Bridge in Bangkok, Thailand

Charoenphat Bridge (Note: It is a more commonly used name than Charoenphat 33 Bridge.) (สะพานเจริญพาศน์, , /th/), or formerly known as Charoenphat 33 Bridge is a historic bridge in Bangkok, Thailand.

It is the only bridge in the Charoen series located on the Thonburi side, the left bank of the Chao Phraya river in Bangkok. The bridge, crossing Khlong Bangkok Yai, is unique in that its two ends serve as connecting points between four subdistricts in two districts. On the southeast side, it reaches Thon Buri district, linking Hiran Ruchi and Wat Kanlaya; on the northwest side, it connects to Bangkok Yai district, through Wat Tha Phra and Wat Arun subdistricts.
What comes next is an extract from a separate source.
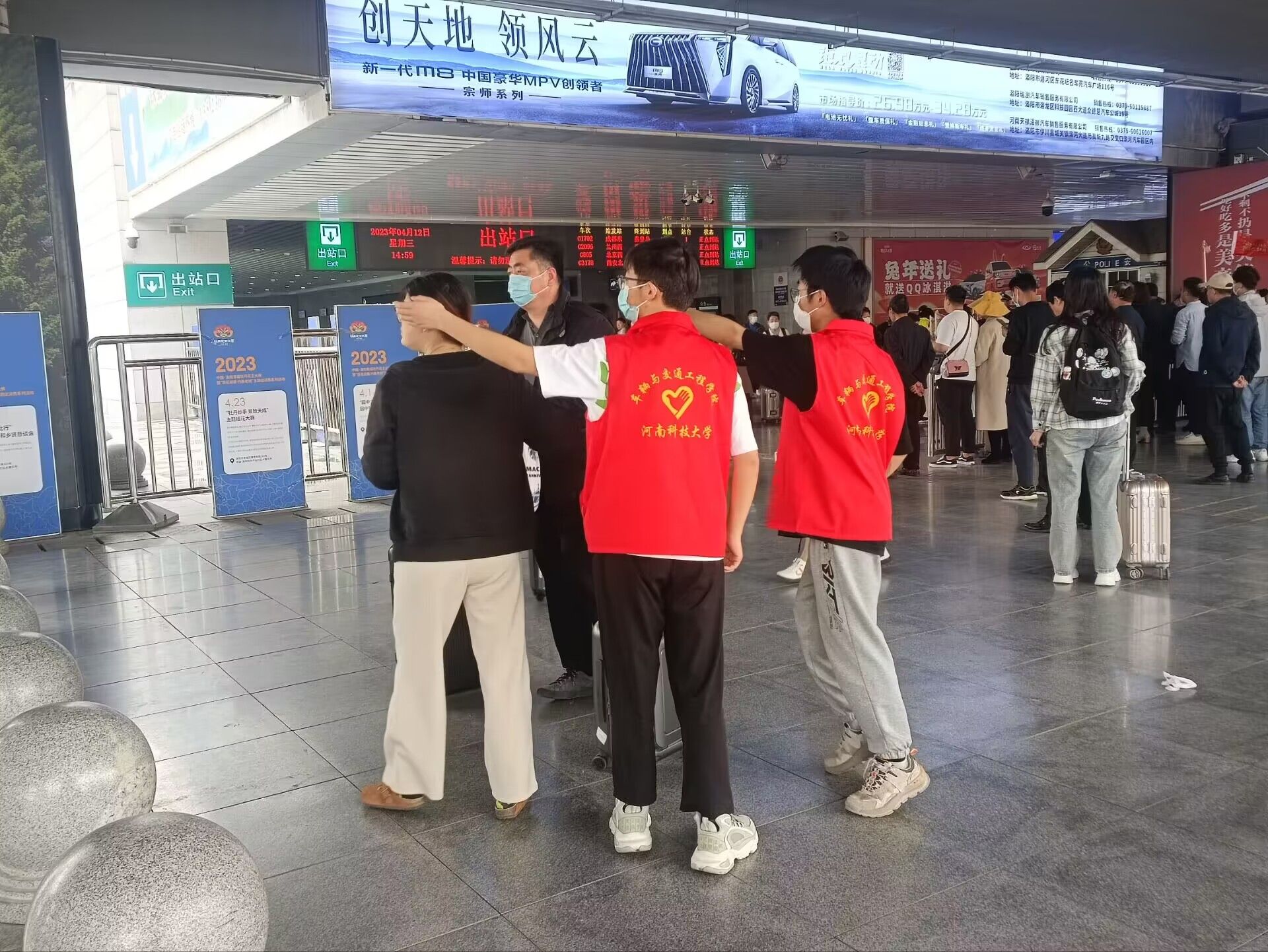 4月12日下午,7003全讯白菜网组织青年志愿者协会在洛阳龙门高铁站举办“高铁载客享洛阳美景,龙门迎宾赏牡丹盛宴”志愿服务活动。学院近20名青年志愿者参加活动。

So the surrounding area also came to be known as "Charoenphat" in turn.

Charoenphat is the third bridge in the Charoen series. It was opened in 1913 on the occasion of King Vajiravudh (Rama VI)'s 33rd birthday. Before it, there was Charoen Rat 32 Bridge in the Bobae area, followed by Charoen Sri 34 Bridge on Rattanakosin Island.

The King personally presided over the bridge's inauguration on December 29, 1913. The bridge's original sculptures were far more exquisite than what remains today. At the centre of the bridge, above the nameplate, there was a sculpture of a five-headed nāga, reflecting that His Majesty was born in the Year of the Dragon. The bridge also bore His Royal Cypher, Vor Por Ror (ว.ป.ร.)
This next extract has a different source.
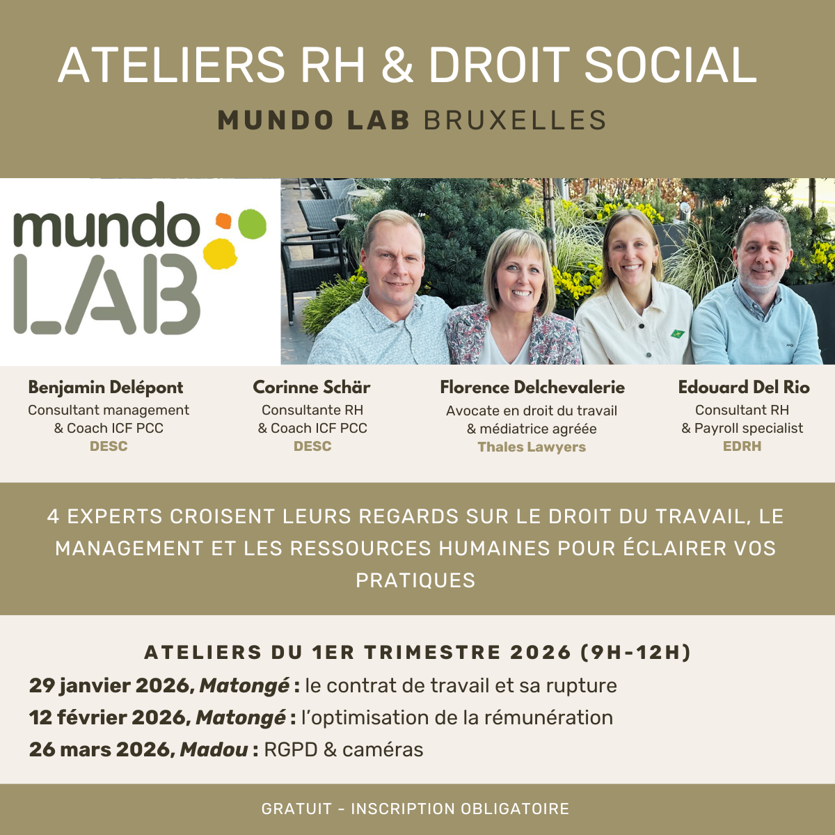 Vu l’engouement pour les premiers ateliers, Me Florence Delchevalerie prolonge le cycle d’ateliers « RH & droit social » chez Mundo Lab avec 3 nouveaux thèmes

The bridge has undergone numerous renovations, so that its original appearance no longer remains. Even the name has been shortened, removing the Thai number "๓๓" and leaving only "Charoenphat Bridge" as it appears today.

At the Bangkok Yai end of the bridge stands an ancient mosque, Masjid Husayniyya, also better known as Kudi Charoenphat, a Shia Muslim mosque commonly known among Thais as Khaek Chao Sen. Its founders were Persian ancestors. Diagonally across from it, at the entrance of Soi Itsaraphap 19/1, there is also a World War II-era bomb shelter. Today, it exists only as a small room that is kept locked.

In addition, close by Soi Itsaraphap 21, also known as Soi Wat Sangkrachai, there is a shortcut leading out to Phetkasem Road (Highway 4) via Soi Phetkasem 4, the longest highway in Thailand.